Нина Артюхова - Избранные произведения в двух томах: том I
Он усмехнулся.
— Просто так — это тоже неплохо! — и подумал: «А ведь правда, четыре с половиною человека у нас малышей. Для детского сада маловато, но хоть просто так что-нибудь придется для них изобретать!..»
Пал Палыч постоял, все молчали, он почувствовал, что мешает им, и пошел, поскрипывая костылями, к заводу. И всем Сразу вдруг стало жалко, что они прогнали его своим молчанием и что он не услышит такой хорошей сказки.
XIX— А теперь без всяких разговоров спать!
Лена нерешительно сняла с подушки пышную кружевную накидку.
По совести говоря, было страшно укладывать малышей в эти неестественно беленькие кровати, приготовленные как будто для нарядных кукол.

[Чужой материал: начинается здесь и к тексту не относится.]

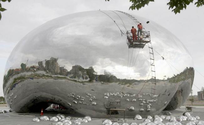 Los reportes incluyen fotografías de la escultura china, que se asemeja a la de Kapoor. No se supo de inmediato quién creó la “burbuja de petróleo” china.
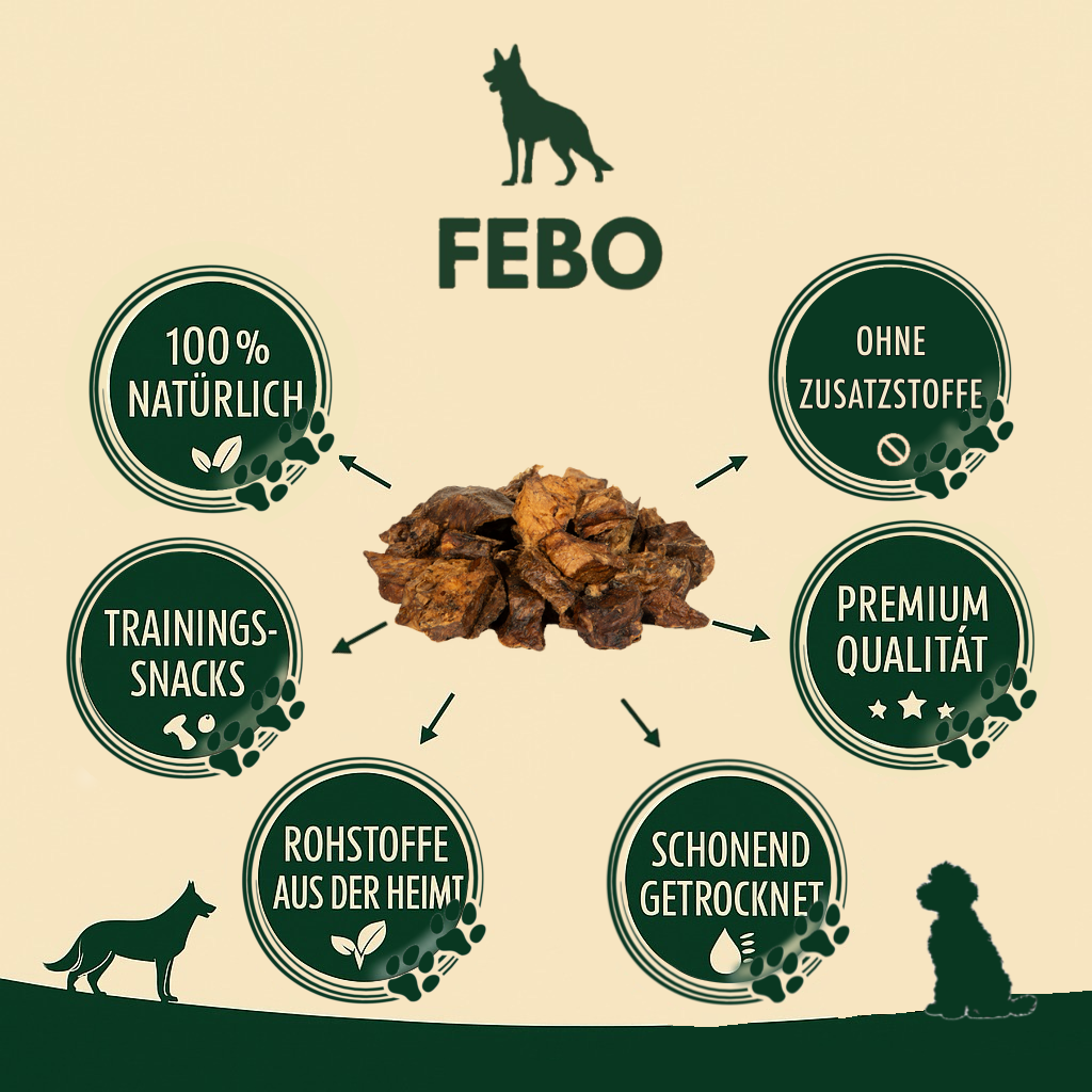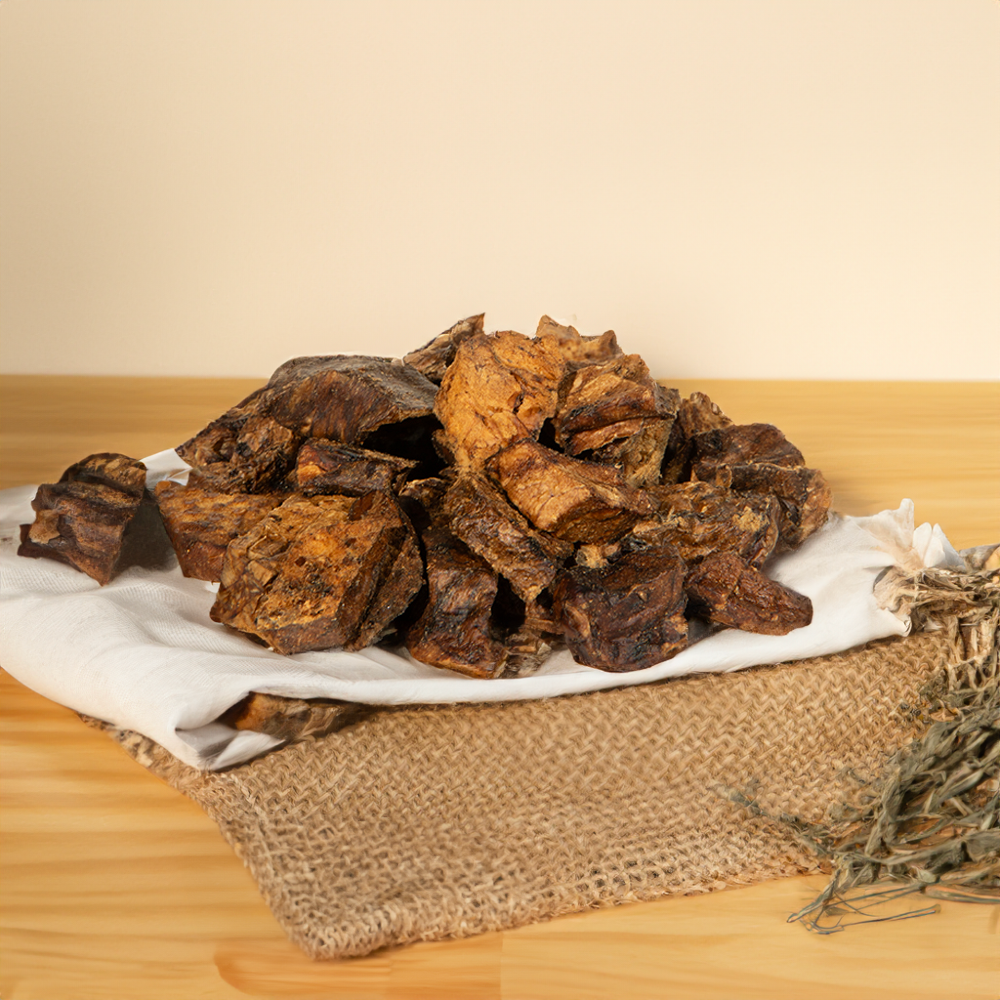 Als Snack zwischen den Mahlzeiten füttern. Die Menge an die Größe des Hundes anpassen. Bitte stets frisches Trinkwasser bereitstellen.

Правда, Куку вымыли руки и даже ноги, но все-таки запачкает, обязательно помнет и запачкает! Было жалко новеньких тканьевых одеял, Марусиных трудов и мыла.
— Что ты делаешь? — удивился Боба.
— Как что? Хочу вам кровати стелить.
— Да мы же с кроватей упадем, мы же здесь спим, на матрацах.
Лене стало смешно. Ну, разумеется! Какая она недогадливая! Не может Маруся, уходя на ночное дежурство, оставить свой народец на такой опасной высоте.
— Где матрацы? Давайте их сюда!
И вот Боба подает с печки три полосатеньких матраца, один побольше и два совсем маленьких.
За матрацами полетели одеяла, простыни и подушонки, будничные, без кружев, на каждый день. Лена и Кук ловили их внизу.
Матрацы положили на полу в большой комнате.
Был еще среди постельного белья один предмет, назначение которого Лена угадала не сразу: белая мягкая клеенка.
Клеенка была длинная, Лена, поколебавшись, растянула ее вдоль большого матраца.
Боба усмехнулся.
— Мне она не нужна.
Он положил ее на оба маленьких матраца поперек.
Коленька невинно смотрел на Лену голубыми, с косинкой, глазами.
Кук отвернулся с виноватым видом.
И сразу перестал быть для Лены грозным и непокорным путешественником, капитаном Куком.
«До чего же они похожи друг на друга! — подумала Лена. — И на цыплят похожи: эти двое маленькие и пушистые, а Боба перерос и уже не такой уютный…»
— Нет, — сказала она вдруг совсем громко. — Вы не цыплята! Я знаю теперь, кто вы: вы белые байковые зайчики. Даже косите немножко!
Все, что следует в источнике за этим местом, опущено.